## Task details
When you write out the listing, keep every character and omit the pictures.

## Supplied data
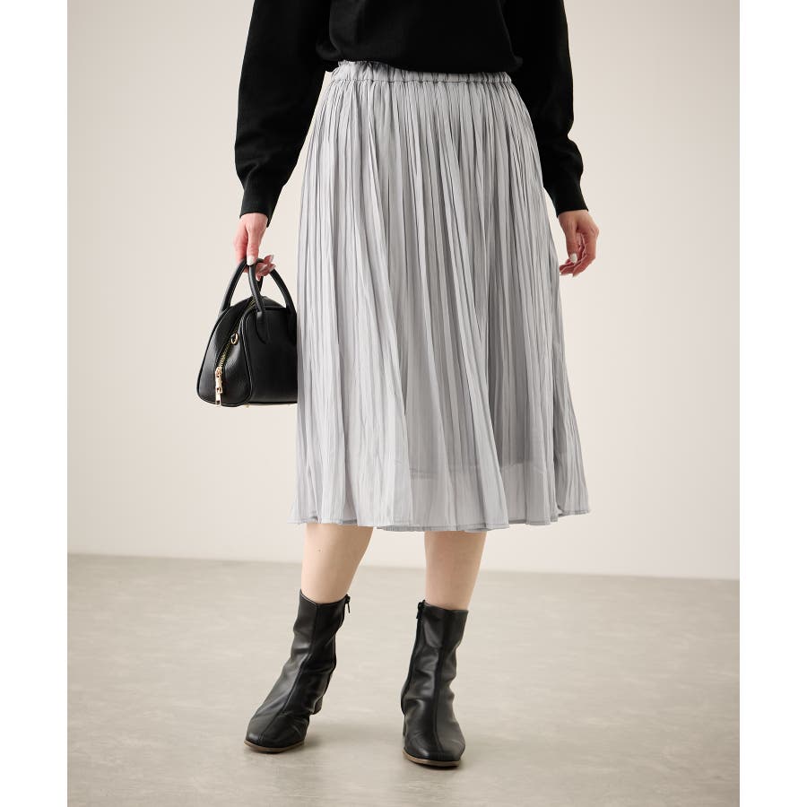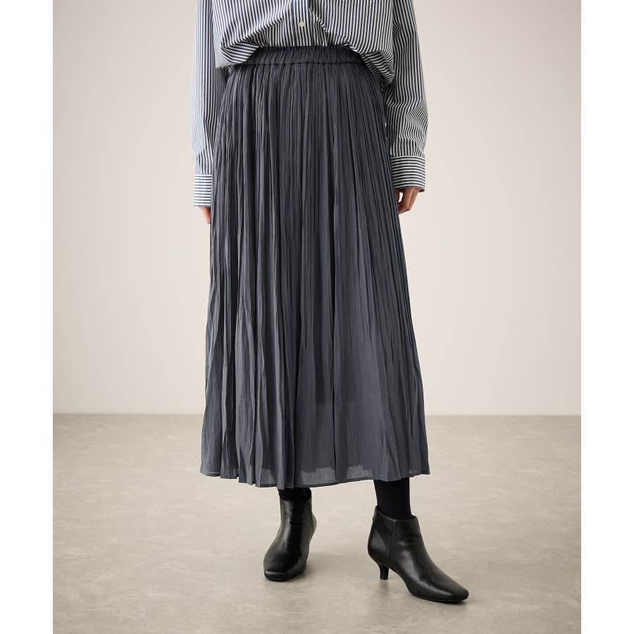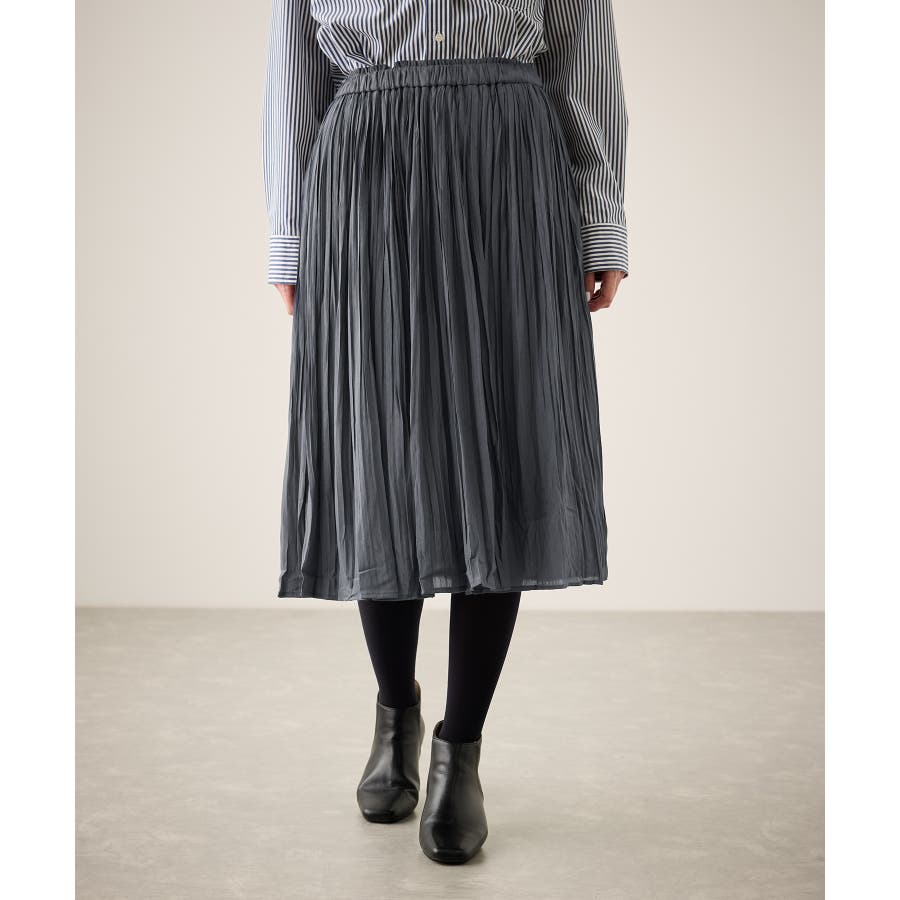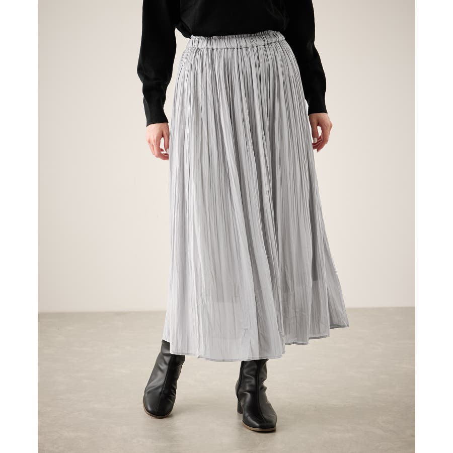 ・ナチュラルなシワ感のある、楊柳素材のロングスカート。
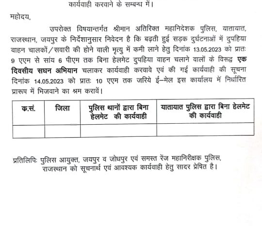 कार्यालय महानिदेशक पुलिस, राजस्थान जयपुर द्वारा राजस्थान में बढ़ती हुई सड़क दुर्घटनाओं में दुपहिया वाहन चालकों / सवारी की होने वाली मृत्यु में कमी लाने हेतु दिनांक 13.05.2023 को प्रातः 9 एएम से सांय 6 पीएम तक बिना हेलमेट दुपहिया वाहन चलाने वालों के विरुद्ध एक दिवसीय सघन अभियान चलाकर कार्यवाही करने के आदेश जारी किये गये है। जीवण सिंह किशनावत, जयपुर, राजस्थान
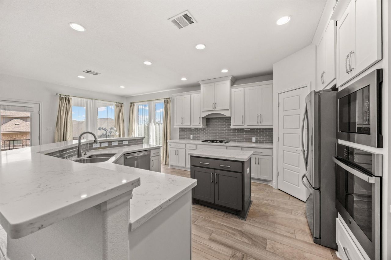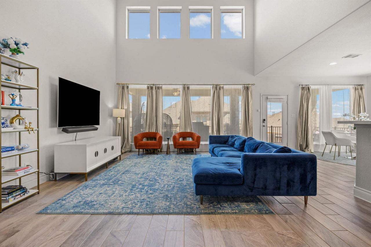 Welcome to 516 Honeybird Ln?a beautifully designed luxury home in Georgetown, TX offering modern elegance, functional living, and resort-style amenities. This move-in ready home is ideal for buyers seeking space and a lifestyle upgrade. Inside, youll find a dedicated home office and abundant natural light from large east-facing windows. The open-concept layout features a chef-inspired kitchen with a spacious island, built-in stainless steel oven, dishwasher and microwave, plus a seamless flow into the main living areas?perfect for entertaining. The primary suite offers a true retreat with a spa-like bathroom and a custom-built walk-in closet connected directly to the laundry room for ultimate convenience. Upstairs, enjoy a versatile loft/flex space and a fully equipped media room with built-in speakers, ideal for movie nights or game days. Additional upgrades include a water softener and designer finishes throughout. Step outside to a decorative tiled covered back porch with ceiling fans, perfect for relaxing or hosting year-round. Residents enjoy premier HOA amenities including 3 pools, a clubhouse, splash pad, parks, and sport courts for volleyball, basketball, pickleball, and tennis, plus access to a scenic golf course. Living in Georgetown means enjoying a charming historic downtown, lower tax rates, top-rated schools, and a strong sense of community?all within easy reach of Austins major employers, dining, and entertainment. If youre searching for a turnkey Georgetown luxury home with a media room, home office, and resort-style amenities, this one checks all the boxes. Schedule your private showing today and experience elevated living at 516 Honeybird Ln!

## Answer box
 ・ナチュラルなシワ感のある、楊柳素材のロングスカート。
 कार्यालय महानिदेशक पुलिस, राजस्थान जयपुर द्वारा राजस्थान में बढ़ती हुई सड़क दुर्घटनाओं में दुपहिया वाहन चालकों / सवारी की होने वाली मृत्यु में कमी लाने हेतु दिनांक 13.05.2023 को प्रातः 9 एएम से सांय 6 पीएम तक बिना हेलमेट दुपहिया वाहन चलाने वालों के विरुद्ध एक दिवसीय सघन अभियान चलाकर कार्यवाही करने के आदेश जारी किये गये है। जीवण सिंह किशनावत, जयपुर, राजस्थान
 Welcome to 516 Honeybird Ln?a beautifully designed luxury home in Georgetown, TX offering modern elegance, functional living, and resort-style amenities. This move-in ready home is ideal for buyers seeking space and a lifestyle upgrade. Inside, youll find a dedicated home office and abundant natural light from large east-facing windows. The open-concept layout features a chef-inspired kitchen with a spacious island, built-in stainless steel oven, dishwasher and microwave, plus a seamless flow into the main living areas?perfect for entertaining. The primary suite offers a true retreat with a spa-like bathroom and a custom-built walk-in closet connected directly to the laundry room for ultimate convenience. Upstairs, enjoy a versatile loft/flex space and a fully equipped media room with built-in speakers, ideal for movie nights or game days. Additional upgrades include a water softener and designer finishes throughout. Step outside to a decorative tiled covered back porch with ceiling fans, perfect for relaxing or hosting year-round. Residents enjoy premier HOA amenities including 3 pools, a clubhouse, splash pad, parks, and sport courts for volleyball, basketball, pickleball, and tennis, plus access to a scenic golf course. Living in Georgetown means enjoying a charming historic downtown, lower tax rates, top-rated schools, and a strong sense of community?all within easy reach of Austins major employers, dining, and entertainment. If youre searching for a turnkey Georgetown luxury home with a media room, home office, and resort-style amenities, this one checks all the boxes. Schedule your private showing today and experience elevated living at 516 Honeybird Ln!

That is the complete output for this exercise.